[Work task] In the records below, find the line containing "金融人士使用平板和电脑分析财经股票股市走势趋势" and the line containing "del 5421125127 |"; please repeat exactly the lines from one to the other, both included, and nothing more.

[Exercise data]
------------------------
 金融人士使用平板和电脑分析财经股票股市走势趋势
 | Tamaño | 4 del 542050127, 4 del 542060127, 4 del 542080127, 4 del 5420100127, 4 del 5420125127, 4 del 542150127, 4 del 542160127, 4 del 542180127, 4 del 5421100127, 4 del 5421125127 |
------------------------
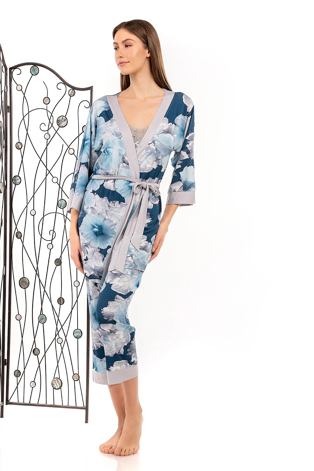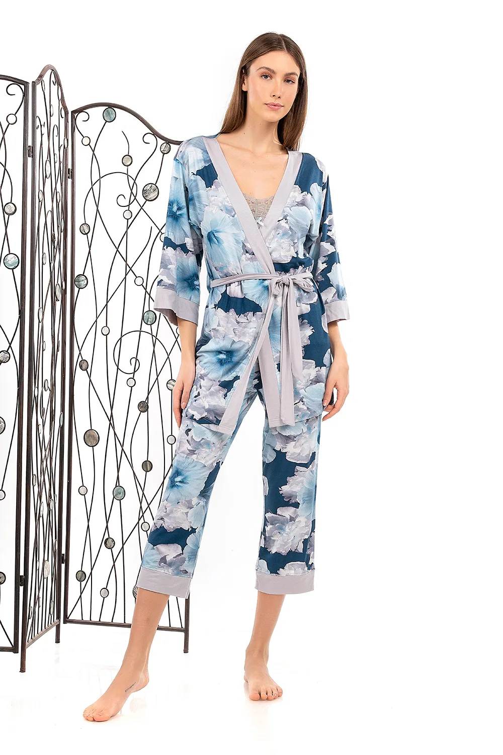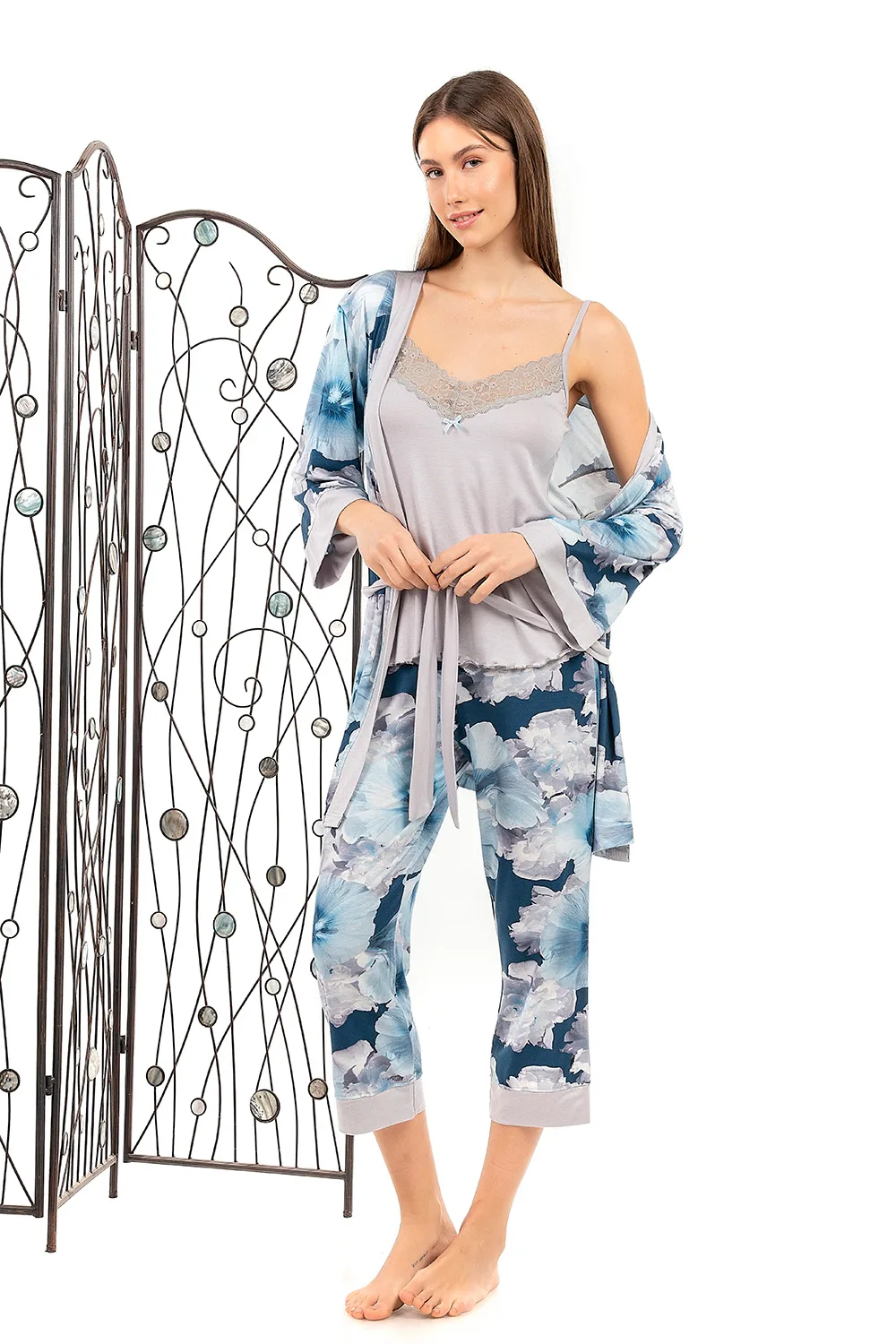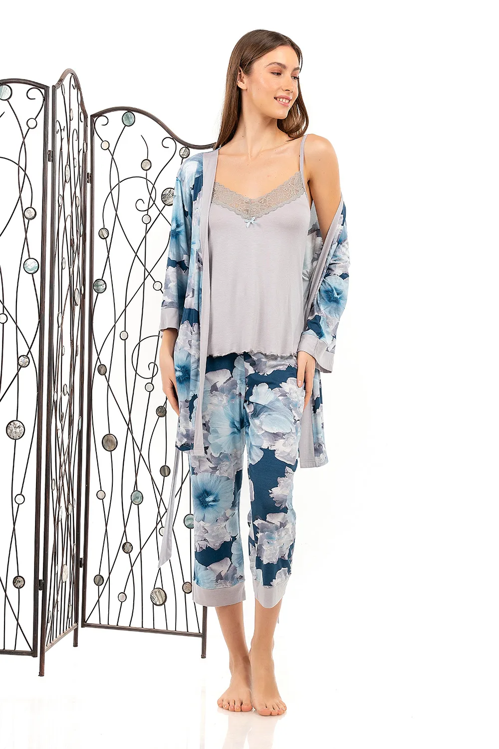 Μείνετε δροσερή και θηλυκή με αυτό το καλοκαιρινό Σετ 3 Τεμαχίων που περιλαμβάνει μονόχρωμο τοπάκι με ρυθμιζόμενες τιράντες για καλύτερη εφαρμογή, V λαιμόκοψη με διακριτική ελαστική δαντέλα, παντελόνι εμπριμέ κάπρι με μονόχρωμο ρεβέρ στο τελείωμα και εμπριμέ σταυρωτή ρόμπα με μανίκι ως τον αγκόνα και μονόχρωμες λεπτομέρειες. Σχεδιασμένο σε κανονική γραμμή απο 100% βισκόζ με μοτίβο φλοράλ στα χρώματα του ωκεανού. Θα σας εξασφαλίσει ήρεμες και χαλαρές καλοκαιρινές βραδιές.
------------------------
[Solved exercise]
 金融人士使用平板和电脑分析财经股票股市走势趋势
 | Tamaño | 4 del 542050127, 4 del 542060127, 4 del 542080127, 4 del 5420100127, 4 del 5420125127, 4 del 542150127, 4 del 542160127, 4 del 542180127, 4 del 5421100127, 4 del 5421125127 |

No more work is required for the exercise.